» Directions for this task
All pictures are to be omitted while the lines starting at the line with "Dank voor Chénier" and ending at the line with "WORKSページを更新しまし" in the material below are retyped exactly, both ends included.

» Recorded data
§

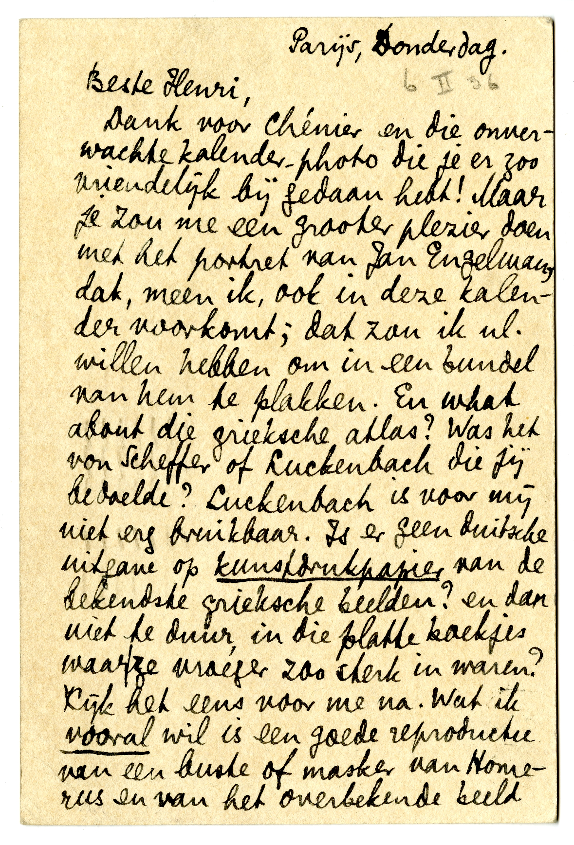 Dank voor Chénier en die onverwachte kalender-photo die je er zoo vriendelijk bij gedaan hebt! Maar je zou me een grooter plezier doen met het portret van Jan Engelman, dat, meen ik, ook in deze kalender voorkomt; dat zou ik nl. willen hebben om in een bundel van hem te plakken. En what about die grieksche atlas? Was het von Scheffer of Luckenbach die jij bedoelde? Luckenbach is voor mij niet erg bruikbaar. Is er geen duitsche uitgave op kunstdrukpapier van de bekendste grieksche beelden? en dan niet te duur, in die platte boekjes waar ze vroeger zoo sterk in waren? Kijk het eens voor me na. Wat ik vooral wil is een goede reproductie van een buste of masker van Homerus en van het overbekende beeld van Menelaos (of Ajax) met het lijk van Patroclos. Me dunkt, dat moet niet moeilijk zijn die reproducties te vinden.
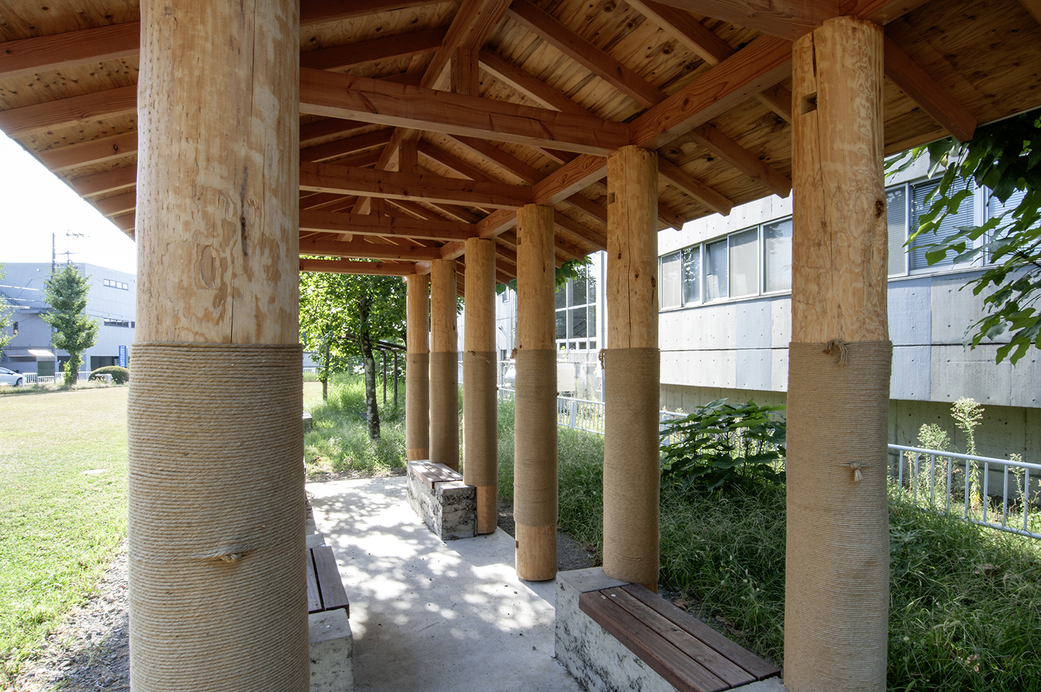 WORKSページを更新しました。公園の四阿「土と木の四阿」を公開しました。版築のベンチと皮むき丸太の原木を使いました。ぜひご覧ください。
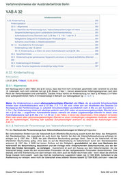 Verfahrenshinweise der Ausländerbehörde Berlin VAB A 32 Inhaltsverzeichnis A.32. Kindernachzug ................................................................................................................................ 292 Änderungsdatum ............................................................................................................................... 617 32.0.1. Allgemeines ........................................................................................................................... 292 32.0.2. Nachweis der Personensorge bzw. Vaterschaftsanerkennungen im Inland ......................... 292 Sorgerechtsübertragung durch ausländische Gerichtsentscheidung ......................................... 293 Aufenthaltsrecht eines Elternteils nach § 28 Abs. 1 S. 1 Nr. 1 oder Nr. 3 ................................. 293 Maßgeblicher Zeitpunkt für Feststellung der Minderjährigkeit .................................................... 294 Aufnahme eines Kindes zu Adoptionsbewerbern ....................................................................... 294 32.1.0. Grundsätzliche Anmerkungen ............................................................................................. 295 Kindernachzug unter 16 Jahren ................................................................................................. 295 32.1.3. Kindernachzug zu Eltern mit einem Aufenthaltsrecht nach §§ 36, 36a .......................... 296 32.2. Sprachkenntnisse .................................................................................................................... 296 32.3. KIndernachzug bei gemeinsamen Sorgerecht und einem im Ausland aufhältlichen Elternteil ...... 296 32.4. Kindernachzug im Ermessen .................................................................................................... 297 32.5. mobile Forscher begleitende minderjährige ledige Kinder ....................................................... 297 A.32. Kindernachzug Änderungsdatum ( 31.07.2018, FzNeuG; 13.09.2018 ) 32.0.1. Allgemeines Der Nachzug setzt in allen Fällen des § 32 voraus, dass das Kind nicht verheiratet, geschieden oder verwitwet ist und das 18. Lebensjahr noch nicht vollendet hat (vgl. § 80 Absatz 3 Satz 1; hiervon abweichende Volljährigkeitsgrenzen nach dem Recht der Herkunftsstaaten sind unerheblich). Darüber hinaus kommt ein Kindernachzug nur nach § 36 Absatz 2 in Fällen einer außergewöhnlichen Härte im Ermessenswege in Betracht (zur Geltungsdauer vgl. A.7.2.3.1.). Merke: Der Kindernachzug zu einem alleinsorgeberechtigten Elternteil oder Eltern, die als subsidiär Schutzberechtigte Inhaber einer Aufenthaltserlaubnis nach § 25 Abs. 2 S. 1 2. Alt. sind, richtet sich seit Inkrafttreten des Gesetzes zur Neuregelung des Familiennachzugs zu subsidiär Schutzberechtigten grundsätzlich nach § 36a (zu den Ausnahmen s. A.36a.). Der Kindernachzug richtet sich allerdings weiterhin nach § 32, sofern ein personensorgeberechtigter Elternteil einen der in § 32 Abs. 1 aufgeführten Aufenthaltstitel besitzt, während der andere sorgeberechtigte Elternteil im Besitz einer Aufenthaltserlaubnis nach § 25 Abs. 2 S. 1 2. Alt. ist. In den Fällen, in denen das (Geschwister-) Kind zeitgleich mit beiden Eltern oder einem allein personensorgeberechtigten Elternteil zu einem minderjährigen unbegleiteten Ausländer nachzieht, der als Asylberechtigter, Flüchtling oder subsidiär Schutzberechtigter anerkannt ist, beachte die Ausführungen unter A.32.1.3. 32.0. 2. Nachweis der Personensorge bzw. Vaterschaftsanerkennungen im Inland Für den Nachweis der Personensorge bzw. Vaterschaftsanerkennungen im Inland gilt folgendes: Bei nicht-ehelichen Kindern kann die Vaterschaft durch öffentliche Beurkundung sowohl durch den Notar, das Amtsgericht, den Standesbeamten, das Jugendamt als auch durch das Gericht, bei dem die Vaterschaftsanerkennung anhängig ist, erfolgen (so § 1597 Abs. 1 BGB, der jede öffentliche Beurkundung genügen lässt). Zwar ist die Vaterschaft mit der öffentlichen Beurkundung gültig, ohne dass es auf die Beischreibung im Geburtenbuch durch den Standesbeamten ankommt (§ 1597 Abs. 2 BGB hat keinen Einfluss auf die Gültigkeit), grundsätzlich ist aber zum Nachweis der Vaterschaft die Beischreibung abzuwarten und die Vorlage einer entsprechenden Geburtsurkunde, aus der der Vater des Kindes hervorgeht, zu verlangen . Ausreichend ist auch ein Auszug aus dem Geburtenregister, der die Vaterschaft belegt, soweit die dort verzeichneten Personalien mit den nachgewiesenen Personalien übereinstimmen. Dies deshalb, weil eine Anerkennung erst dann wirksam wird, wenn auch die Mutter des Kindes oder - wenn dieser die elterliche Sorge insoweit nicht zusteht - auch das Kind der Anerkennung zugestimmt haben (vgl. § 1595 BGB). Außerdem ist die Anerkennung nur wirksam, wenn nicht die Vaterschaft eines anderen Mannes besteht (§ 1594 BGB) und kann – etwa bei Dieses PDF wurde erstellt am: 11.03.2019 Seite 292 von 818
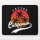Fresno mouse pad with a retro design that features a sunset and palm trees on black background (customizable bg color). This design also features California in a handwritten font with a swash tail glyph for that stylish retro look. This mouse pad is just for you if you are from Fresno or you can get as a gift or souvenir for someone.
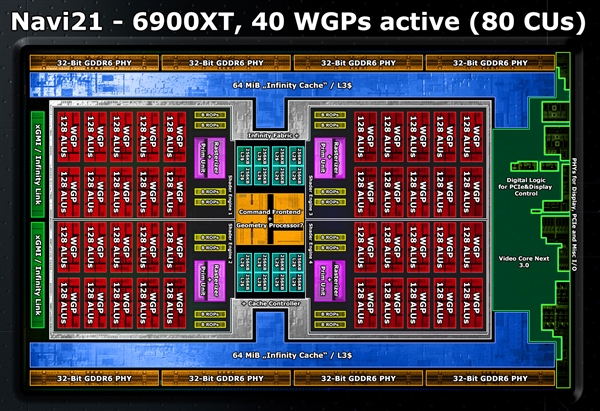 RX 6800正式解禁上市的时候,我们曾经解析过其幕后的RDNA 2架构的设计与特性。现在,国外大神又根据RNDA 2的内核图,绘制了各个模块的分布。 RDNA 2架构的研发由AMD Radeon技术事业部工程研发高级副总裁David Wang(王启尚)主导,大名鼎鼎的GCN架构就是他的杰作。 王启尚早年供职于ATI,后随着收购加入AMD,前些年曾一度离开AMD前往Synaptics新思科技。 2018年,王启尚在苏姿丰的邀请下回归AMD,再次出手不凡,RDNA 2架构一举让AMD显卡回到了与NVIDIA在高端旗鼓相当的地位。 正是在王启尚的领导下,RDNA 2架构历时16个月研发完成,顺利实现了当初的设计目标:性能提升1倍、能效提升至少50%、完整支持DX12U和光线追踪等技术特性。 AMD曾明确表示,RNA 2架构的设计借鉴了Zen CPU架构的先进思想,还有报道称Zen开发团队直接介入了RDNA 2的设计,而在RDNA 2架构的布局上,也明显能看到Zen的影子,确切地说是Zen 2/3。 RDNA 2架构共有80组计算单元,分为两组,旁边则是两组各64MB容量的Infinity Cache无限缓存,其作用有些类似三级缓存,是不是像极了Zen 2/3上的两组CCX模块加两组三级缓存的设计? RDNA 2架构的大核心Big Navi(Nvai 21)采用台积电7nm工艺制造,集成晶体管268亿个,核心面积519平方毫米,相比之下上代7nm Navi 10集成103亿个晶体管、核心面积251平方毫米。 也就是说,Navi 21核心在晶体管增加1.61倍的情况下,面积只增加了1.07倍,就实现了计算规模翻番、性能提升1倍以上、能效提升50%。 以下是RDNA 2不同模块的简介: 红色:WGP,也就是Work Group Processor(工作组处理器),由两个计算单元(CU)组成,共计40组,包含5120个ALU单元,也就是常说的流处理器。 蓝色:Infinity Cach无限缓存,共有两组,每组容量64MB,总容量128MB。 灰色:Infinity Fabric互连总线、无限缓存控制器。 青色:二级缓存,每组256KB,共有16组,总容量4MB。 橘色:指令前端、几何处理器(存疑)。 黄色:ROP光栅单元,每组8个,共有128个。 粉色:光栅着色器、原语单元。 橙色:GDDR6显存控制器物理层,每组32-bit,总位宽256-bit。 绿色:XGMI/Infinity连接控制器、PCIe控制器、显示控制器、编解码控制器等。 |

§

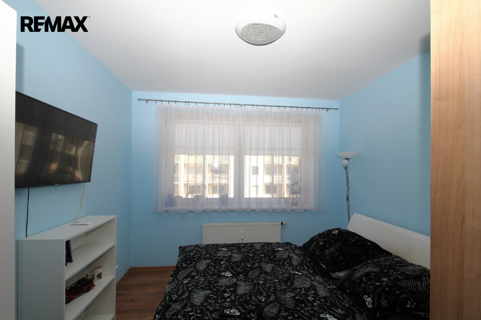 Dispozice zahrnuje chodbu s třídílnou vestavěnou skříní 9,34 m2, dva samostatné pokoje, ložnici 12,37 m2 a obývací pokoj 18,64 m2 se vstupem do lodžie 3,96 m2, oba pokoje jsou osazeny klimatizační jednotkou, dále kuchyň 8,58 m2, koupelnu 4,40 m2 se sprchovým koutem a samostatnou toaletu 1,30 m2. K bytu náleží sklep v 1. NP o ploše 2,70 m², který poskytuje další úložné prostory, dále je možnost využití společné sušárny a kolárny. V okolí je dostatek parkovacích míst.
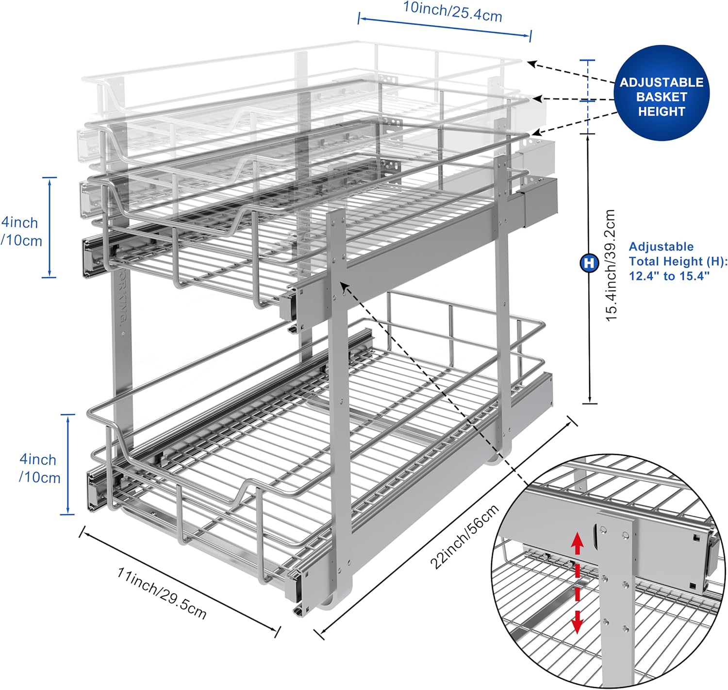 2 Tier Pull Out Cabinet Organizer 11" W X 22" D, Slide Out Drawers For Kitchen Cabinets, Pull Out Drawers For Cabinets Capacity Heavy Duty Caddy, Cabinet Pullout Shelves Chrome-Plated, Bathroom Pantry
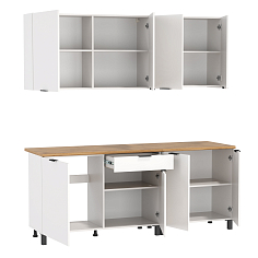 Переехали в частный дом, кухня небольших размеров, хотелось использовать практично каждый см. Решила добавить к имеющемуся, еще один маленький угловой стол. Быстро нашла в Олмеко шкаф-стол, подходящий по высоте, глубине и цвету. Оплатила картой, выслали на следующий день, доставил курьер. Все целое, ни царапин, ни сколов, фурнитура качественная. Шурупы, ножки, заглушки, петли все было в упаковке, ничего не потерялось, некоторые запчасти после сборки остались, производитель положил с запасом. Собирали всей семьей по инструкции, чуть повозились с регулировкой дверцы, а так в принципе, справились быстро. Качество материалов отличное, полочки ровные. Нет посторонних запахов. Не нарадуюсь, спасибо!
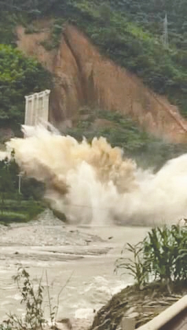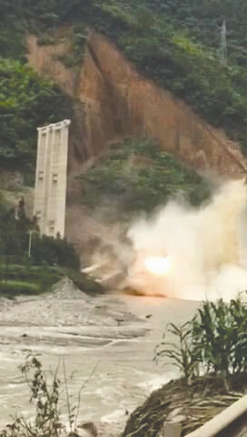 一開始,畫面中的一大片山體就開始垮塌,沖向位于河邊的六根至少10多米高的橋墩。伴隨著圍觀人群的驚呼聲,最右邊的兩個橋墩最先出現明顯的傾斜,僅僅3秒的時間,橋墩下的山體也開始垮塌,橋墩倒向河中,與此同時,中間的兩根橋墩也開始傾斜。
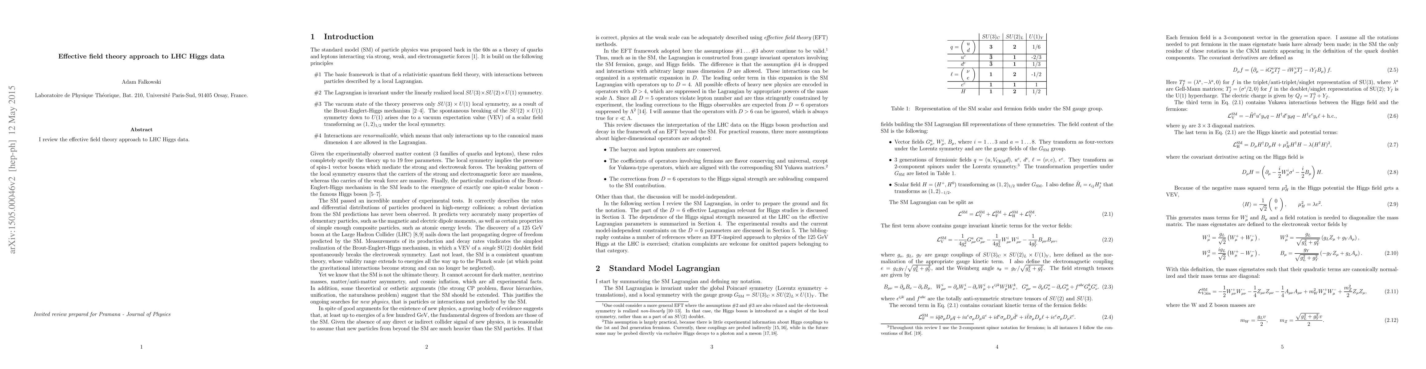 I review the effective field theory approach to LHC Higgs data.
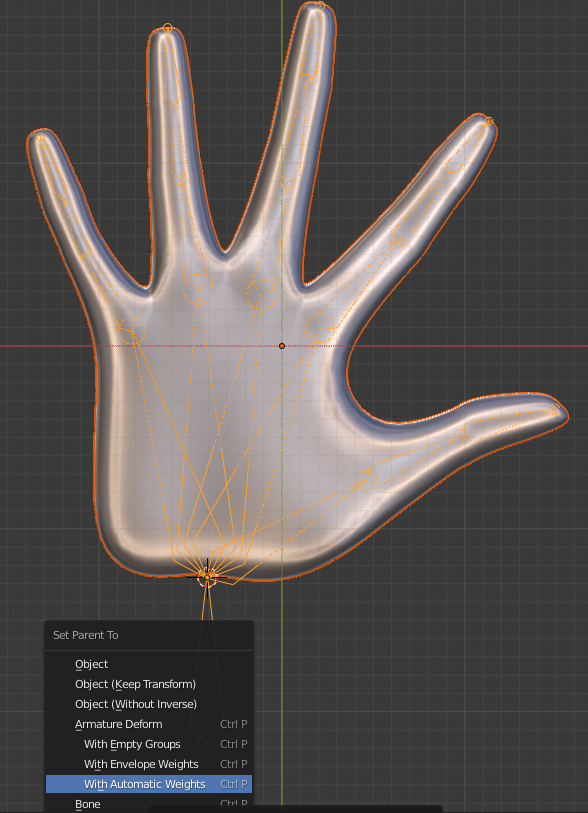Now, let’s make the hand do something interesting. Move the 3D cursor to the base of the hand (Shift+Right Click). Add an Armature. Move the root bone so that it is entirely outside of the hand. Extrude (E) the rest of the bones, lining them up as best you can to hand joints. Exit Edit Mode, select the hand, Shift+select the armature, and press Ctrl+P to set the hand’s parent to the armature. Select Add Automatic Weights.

§

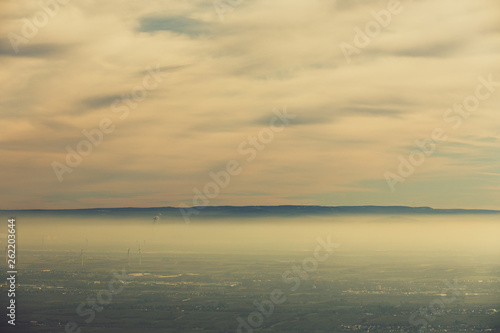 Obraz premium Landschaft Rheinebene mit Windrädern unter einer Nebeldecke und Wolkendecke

§

» Response area
 Dank voor Chénier en die onverwachte kalender-photo die je er zoo vriendelijk bij gedaan hebt! Maar je zou me een grooter plezier doen met het portret van Jan Engelman, dat, meen ik, ook in deze kalender voorkomt; dat zou ik nl. willen hebben om in een bundel van hem te plakken. En what about die grieksche atlas? Was het von Scheffer of Luckenbach die jij bedoelde? Luckenbach is voor mij niet erg bruikbaar. Is er geen duitsche uitgave op kunstdrukpapier van de bekendste grieksche beelden? en dan niet te duur, in die platte boekjes waar ze vroeger zoo sterk in waren? Kijk het eens voor me na. Wat ik vooral wil is een goede reproductie van een buste of masker van Homerus en van het overbekende beeld van Menelaos (of Ajax) met het lijk van Patroclos. Me dunkt, dat moet niet moeilijk zijn die reproducties te vinden.
 WORKSページを更新しました。公園の四阿「土と木の四阿」を公開しました。版築のベンチと皮むき丸太の原木を使いました。ぜひご覧ください。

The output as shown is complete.